Amazon, Alphabet, Microsoft and other tech giants want to fix one of the most broken things about health care

  • It's difficult for patients to share medical records, especially between hospitals.
  • Despite years of efforts to make it easier, there are strong economic incentives that keep health tech incumbents and care providers from fixing the problem.
  • On Monday, a bunch of traditional tech giants, including Alphabet, Amazon, IBM, Microsoft, and Salesforce, proposed a common set of standards and pledged to make products that support them.
Ron Levine | Stone | Getty Images

There are many broken things about the U.S. health care system. But one of the biggest and most overlooked problems is that patients still find it too hard to share their medical information between doctors, especially those working in different hospitals.

It's a huge problem for many reasons: It makes it harder for consumers to access the highest-quality care, and new patients who walk into a hospital are like strangers — care-givers won't know if they have an allergy or a chronic disease.

Some of the largest technology companies in the world are undertaking a new effort to fix that. And they have a good reason to do it, as the lack of open standards around health data is a huge barrier for them to get into the $3 trillion health system.

On Monday, Alphabet, Amazon, IBM, Microsoft and Salesforce spoke out at an event in Washington D.C. called the Blue Button 2.0 Developer conference.
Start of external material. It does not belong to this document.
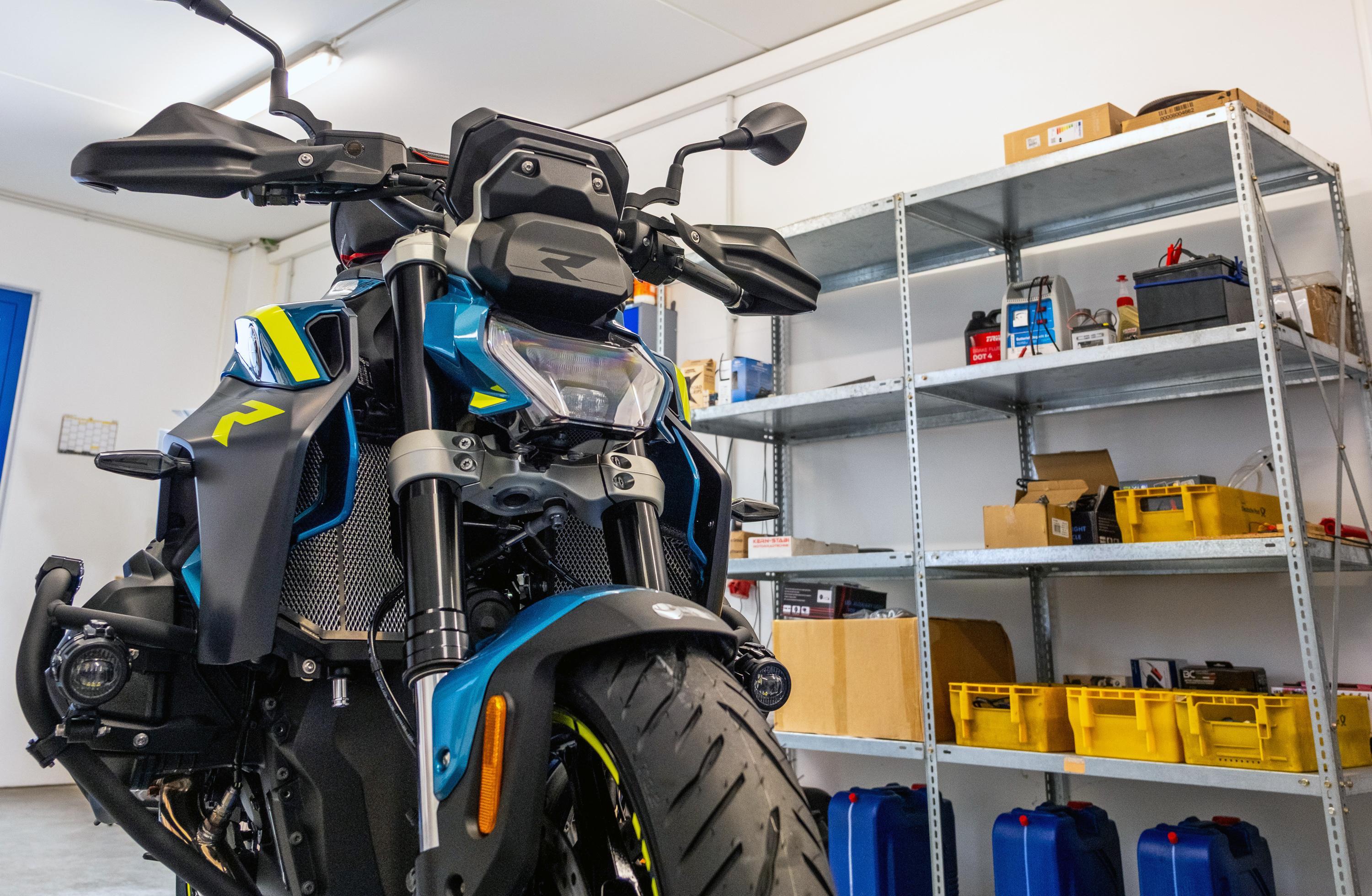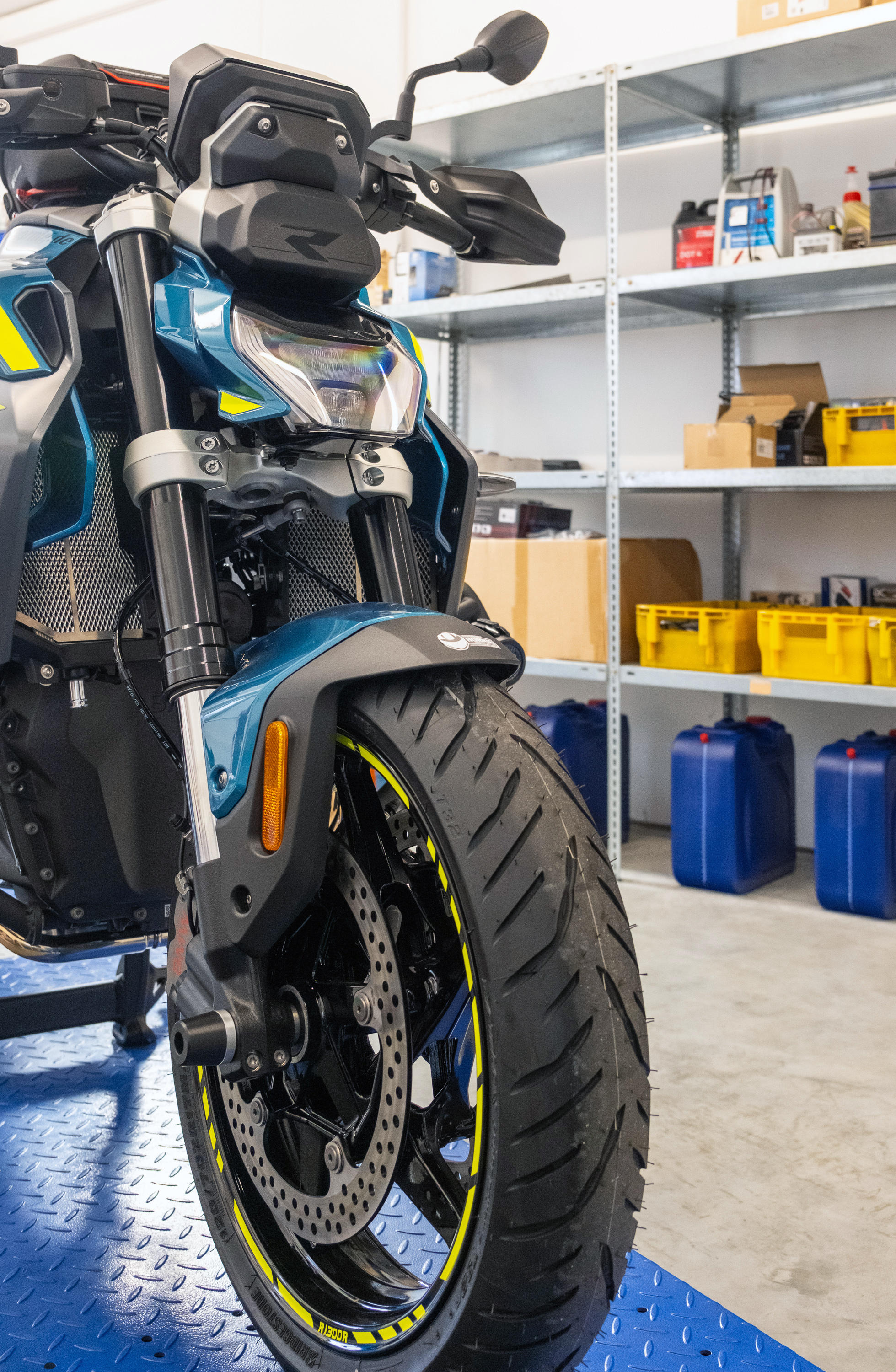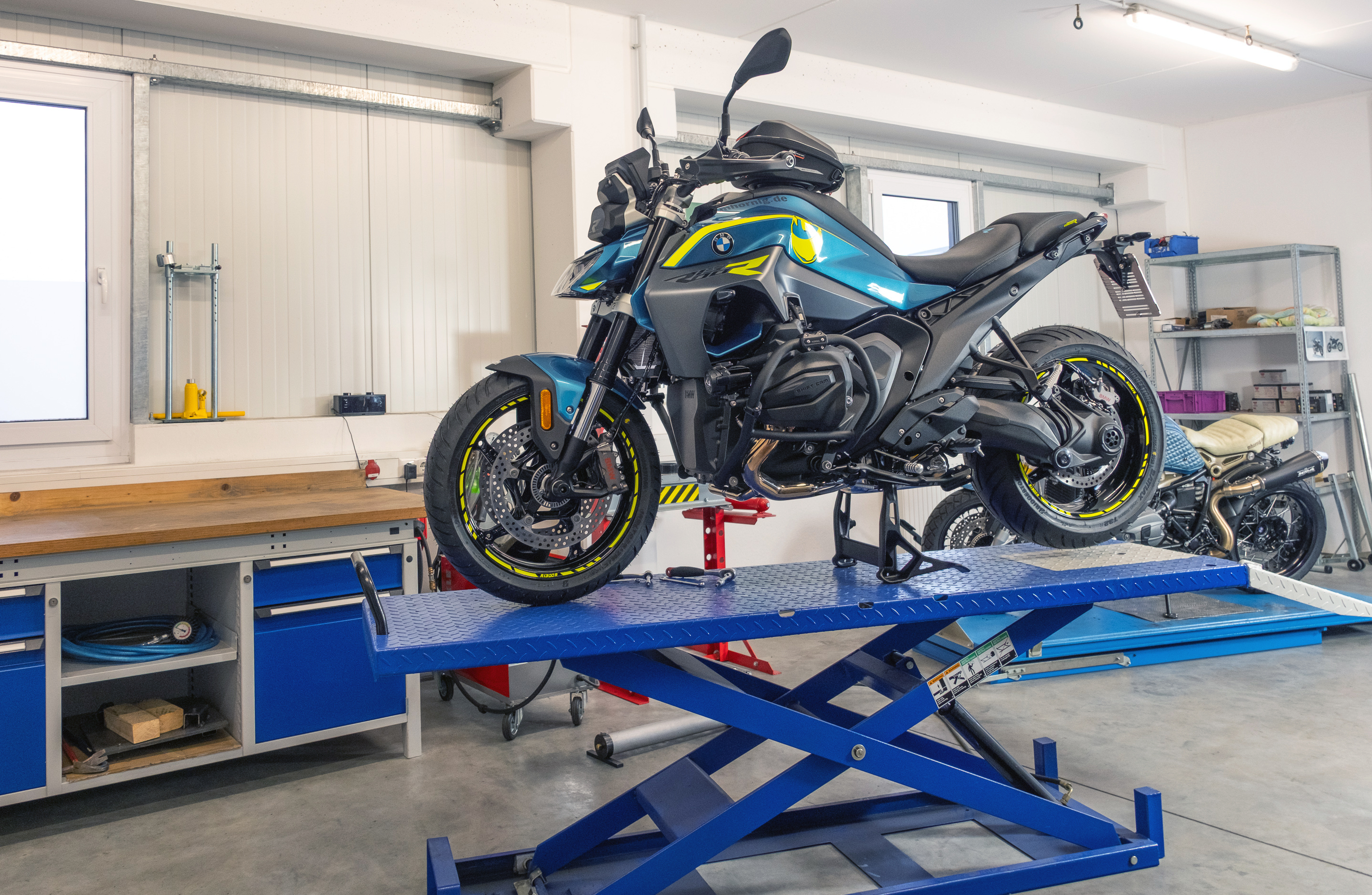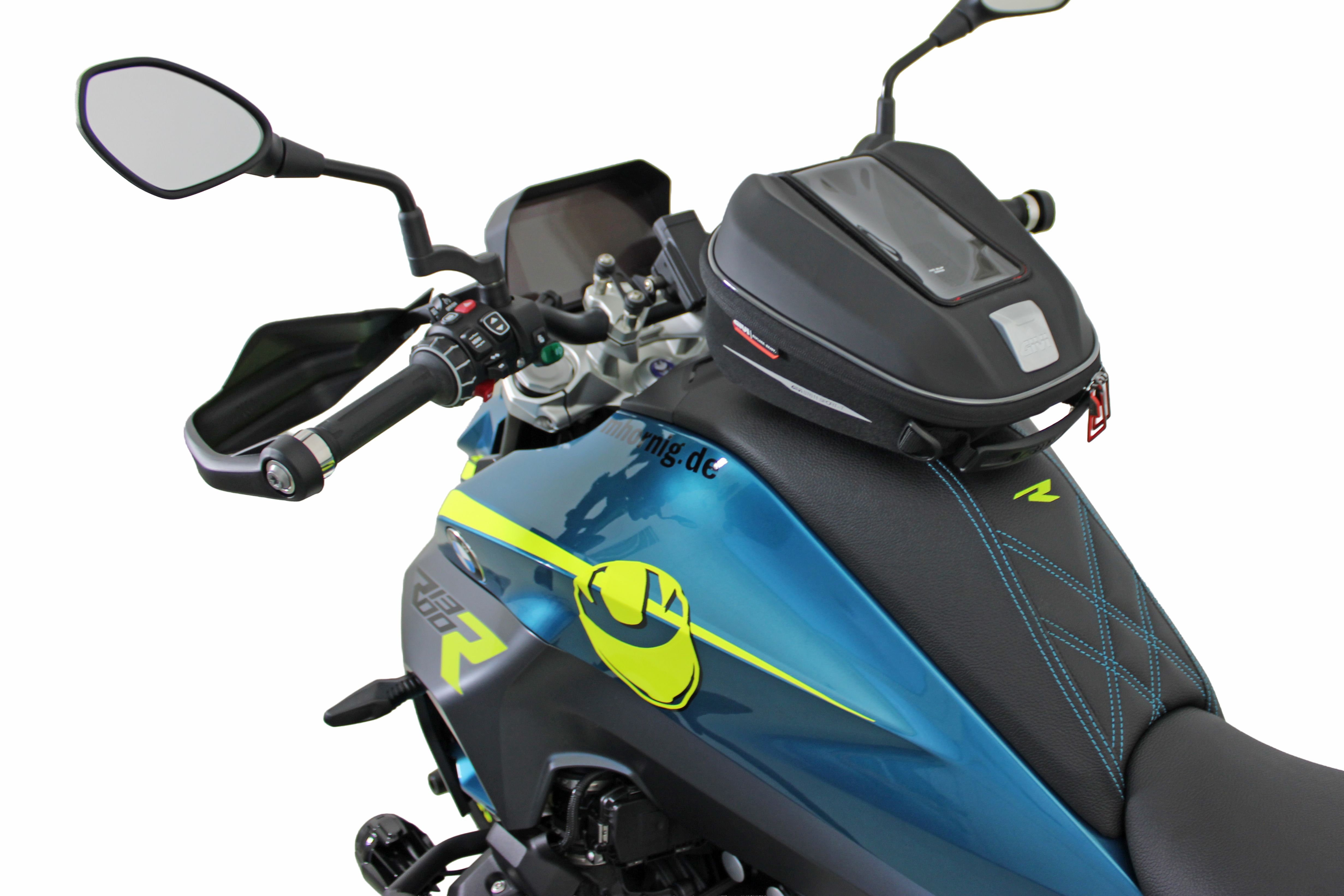 The neon yellow rim stickers with the R1300R motorcycle model designation also ensure a striking appearance. This is complemented by the decorative sticker set, which was specially designed for both sides of the vehicle and emphasizes the lines of the motorcycle.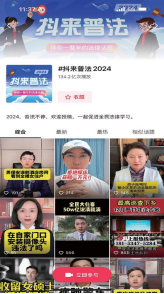 抖音“抖來普法”系列活動,年度話題播放量超百億,頭部法律作者對活動的參與率高達95%,最高法、最高檢等公檢法司政務(wù)機構(gòu)也積極參與。截至2024年12月,#抖來普法2024年度長線普法系列活動,播放量134.2億次,共計上萬名法律創(chuàng)作者發(fā)布相關(guān)內(nèi)容。系列活動如下:

These companies are rivals in some important ways, so it's a strong signal that they came together on this issue.

Here's the joint statement:

We are jointly committed to removing barriers for the adoption of technologies for healthcare interoperability, particularly those that are enabled through the cloud and AI. We share the common quest to unlock the potential in healthcare data, to deliver better outcomes at lower costs.

To address the problem, these tech companies are proposing to build tools for the health community around a set of common standards for exchanging health information electronically, called "FHIR."

Resistant to change

The government and the private sector have tried to fix this problem for decades, spending billions in the process. Unfortunately, the bulk of that funding was spent on moving doctor's offices from paper-based systems to electronic ones, and not on data sharing.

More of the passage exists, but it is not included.